Input Block Start

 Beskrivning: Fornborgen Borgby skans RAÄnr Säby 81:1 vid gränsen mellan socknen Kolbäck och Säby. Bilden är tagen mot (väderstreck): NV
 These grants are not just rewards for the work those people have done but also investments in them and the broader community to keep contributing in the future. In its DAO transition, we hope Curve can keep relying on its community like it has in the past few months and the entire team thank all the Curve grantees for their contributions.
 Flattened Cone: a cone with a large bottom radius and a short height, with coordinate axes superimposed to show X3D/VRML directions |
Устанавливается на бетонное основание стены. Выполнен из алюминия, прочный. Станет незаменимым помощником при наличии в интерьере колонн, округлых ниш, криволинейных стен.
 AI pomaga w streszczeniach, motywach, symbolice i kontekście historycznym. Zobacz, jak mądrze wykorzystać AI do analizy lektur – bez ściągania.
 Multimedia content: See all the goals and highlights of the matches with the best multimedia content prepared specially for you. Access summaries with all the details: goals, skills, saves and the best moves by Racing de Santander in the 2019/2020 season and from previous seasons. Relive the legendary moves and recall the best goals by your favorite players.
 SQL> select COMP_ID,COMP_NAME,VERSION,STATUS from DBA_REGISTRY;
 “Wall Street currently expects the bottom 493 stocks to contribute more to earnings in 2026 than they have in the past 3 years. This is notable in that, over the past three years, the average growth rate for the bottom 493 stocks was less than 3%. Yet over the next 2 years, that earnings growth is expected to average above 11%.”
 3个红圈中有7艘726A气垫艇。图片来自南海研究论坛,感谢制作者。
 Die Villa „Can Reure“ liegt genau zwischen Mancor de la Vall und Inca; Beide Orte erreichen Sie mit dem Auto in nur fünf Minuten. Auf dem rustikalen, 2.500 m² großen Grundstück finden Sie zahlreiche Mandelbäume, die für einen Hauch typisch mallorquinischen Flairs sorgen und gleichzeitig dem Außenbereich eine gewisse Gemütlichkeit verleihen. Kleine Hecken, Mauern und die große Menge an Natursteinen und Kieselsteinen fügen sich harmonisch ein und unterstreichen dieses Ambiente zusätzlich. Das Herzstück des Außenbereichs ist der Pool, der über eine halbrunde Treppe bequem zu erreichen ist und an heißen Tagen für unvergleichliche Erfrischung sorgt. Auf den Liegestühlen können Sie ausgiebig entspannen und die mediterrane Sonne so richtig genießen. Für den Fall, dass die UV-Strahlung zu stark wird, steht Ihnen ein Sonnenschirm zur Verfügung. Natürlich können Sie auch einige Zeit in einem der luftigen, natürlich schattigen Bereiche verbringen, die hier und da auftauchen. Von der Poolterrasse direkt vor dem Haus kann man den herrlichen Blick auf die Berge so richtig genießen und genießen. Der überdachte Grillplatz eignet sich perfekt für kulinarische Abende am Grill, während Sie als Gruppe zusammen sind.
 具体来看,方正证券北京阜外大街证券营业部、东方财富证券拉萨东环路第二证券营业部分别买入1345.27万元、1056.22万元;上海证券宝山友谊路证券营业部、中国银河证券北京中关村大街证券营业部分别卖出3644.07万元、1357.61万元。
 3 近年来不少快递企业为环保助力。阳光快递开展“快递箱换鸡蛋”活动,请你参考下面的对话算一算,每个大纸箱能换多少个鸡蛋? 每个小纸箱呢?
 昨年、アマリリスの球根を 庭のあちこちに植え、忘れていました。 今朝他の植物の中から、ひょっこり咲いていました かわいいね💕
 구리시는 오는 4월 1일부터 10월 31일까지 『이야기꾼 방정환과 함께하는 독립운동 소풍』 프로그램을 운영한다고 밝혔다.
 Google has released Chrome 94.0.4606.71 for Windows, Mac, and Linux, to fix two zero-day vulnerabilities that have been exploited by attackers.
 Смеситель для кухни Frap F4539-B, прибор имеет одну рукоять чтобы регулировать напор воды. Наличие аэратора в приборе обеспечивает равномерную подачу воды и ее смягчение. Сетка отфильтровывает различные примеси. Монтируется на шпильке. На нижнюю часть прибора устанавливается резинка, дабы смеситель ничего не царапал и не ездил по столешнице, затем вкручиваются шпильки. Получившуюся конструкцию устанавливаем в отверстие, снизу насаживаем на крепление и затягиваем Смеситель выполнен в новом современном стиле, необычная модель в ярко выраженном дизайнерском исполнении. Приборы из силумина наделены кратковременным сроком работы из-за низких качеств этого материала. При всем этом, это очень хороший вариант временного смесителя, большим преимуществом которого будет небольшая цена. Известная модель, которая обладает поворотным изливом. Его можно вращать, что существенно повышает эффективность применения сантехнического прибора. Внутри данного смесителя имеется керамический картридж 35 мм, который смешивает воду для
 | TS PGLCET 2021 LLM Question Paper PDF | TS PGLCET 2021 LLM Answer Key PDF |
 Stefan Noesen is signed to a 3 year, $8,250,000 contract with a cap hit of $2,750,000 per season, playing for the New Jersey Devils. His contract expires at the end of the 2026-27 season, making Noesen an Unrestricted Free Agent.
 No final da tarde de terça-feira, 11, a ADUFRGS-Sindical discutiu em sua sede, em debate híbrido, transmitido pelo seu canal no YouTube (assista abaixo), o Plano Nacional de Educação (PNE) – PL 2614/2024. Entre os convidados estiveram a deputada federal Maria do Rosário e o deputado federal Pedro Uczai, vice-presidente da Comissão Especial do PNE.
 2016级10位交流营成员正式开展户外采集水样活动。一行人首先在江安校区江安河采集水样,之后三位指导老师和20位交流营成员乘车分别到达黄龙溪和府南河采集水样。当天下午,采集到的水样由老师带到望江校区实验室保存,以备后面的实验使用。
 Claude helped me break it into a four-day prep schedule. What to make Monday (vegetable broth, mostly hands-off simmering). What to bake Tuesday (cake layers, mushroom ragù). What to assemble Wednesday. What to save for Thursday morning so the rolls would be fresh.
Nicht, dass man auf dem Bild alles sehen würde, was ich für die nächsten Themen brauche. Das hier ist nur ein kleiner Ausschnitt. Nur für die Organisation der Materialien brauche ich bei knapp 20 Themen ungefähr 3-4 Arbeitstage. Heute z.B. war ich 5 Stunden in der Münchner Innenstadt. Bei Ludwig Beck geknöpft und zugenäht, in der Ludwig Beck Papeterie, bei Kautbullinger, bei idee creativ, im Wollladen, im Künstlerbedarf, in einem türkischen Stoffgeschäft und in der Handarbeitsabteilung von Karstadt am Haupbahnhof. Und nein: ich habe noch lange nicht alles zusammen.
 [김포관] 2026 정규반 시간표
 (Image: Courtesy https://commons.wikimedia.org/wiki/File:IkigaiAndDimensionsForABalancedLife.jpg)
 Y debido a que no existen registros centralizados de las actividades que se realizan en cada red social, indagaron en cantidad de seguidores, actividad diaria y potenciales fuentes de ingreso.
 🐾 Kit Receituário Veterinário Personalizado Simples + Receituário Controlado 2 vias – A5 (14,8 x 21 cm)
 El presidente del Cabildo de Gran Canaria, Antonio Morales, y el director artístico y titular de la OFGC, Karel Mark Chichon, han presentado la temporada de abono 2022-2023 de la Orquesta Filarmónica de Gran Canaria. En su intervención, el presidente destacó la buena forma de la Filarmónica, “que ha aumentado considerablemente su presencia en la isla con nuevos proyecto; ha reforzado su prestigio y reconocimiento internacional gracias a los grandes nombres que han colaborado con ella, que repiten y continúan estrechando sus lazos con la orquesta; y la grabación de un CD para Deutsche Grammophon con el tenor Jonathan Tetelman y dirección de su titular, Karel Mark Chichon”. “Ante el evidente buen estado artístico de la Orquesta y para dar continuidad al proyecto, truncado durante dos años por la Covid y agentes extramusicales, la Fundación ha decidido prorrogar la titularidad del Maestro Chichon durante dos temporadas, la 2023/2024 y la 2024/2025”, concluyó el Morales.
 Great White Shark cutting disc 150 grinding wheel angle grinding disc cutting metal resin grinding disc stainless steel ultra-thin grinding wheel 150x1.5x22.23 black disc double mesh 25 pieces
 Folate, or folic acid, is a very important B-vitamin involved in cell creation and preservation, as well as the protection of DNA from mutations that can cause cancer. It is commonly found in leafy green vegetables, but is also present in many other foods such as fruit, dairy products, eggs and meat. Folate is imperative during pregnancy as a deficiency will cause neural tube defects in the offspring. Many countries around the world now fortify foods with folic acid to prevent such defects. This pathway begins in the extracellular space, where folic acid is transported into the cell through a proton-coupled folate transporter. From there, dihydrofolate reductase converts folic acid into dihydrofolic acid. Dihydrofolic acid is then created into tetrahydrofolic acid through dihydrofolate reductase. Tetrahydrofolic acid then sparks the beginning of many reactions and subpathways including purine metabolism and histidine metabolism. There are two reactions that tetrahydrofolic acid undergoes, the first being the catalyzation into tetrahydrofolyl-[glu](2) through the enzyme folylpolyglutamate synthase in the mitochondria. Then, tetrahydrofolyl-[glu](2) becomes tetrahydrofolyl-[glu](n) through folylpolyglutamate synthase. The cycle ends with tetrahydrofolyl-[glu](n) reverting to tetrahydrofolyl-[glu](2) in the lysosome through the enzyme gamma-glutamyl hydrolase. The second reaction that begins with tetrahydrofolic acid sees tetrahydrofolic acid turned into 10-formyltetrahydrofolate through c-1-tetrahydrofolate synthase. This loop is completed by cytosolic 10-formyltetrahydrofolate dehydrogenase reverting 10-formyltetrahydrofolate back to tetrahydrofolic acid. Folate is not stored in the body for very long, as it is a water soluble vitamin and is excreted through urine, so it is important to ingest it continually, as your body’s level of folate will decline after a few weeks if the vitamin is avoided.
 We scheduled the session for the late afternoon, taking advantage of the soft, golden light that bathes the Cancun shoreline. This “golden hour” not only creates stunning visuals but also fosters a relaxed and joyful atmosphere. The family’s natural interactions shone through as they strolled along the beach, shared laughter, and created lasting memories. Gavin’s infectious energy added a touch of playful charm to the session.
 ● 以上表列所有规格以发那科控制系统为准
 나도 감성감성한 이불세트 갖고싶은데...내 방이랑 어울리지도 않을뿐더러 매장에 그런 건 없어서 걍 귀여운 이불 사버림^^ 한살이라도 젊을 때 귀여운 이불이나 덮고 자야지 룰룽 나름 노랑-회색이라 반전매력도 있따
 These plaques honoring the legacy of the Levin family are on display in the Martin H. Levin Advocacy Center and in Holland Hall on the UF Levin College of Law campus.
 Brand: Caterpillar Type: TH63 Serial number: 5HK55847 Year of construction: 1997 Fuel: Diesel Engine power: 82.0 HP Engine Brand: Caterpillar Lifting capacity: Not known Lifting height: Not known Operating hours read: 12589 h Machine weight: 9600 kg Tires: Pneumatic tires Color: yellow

Input Block End

What is being asked: Give back exactly the lines from the first line of the records through the line holding "Flattened Cone: a", including both of those lines and leaving out all others.

The answer:
 Beskrivning: Fornborgen Borgby skans RAÄnr Säby 81:1 vid gränsen mellan socknen Kolbäck och Säby. Bilden är tagen mot (väderstreck): NV
 These grants are not just rewards for the work those people have done but also investments in them and the broader community to keep contributing in the future. In its DAO transition, we hope Curve can keep relying on its community like it has in the past few months and the entire team thank all the Curve grantees for their contributions.
 Flattened Cone: a cone with a large bottom radius and a short height, with coordinate axes superimposed to show X3D/VRML directions |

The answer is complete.